Der Versorger N-Ergie hat der Kommune Kipfenberg zwei Wochen lang einen vollelektrischen I-3 zum Testen zur Verfügung gestellt.

Der Nürnberger Kommunalversorger N-Ergie unterstützt seit 2008 die individuelle E-Mobilität in Nordbayern. Derzeit baut er zusammen mit Stadtwerken und anderen Partnern eine einheitliche Ladeinfrastruktur in der Region auf. Und erweitert den eigenen Fuhrpark um E-Fahrzeuge.

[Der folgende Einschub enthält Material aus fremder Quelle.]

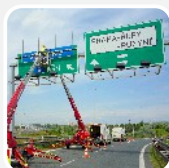
dopravní značky velkoplošné

Um Kommunen von den Vorteilen der E-Mobilität zu überzeugen, stellen die Franken ihnen auch leihweise E-Autos aus ihrem Fuhrpark zum Testfahren zur Verfügung. So auch zwei Wochen im April in der Marktgemeinde Kipfenberg im Landkreis Eichstätt: Unter anderen durfte der dortige Bürgermeister Christian Wagner einen vollelektrischen BMW I-3 testen. Es war die erste dienstliche Erfahrung der Rathausmannschaft mit dem E-Auto-Fahren und -Laden. Kipfenberg ist der südöstlichste Zipfel des Grundversorgungsgebiets von N-Ergie, sowohl bei Strom als auch bei Gas.

N-Ergie streicht die Klimafreundlichkeit und die unterdurchschnittlichen Energiekosten des I-3 heraus. Ihr Kommunalkundenbetreuer Horst Hien sprach von drei Euro oder zwölf kWh pro 100 Kilometer. Der I-3 hat 300 Kilometer Reichweite und schafft Tempo 150. (geo)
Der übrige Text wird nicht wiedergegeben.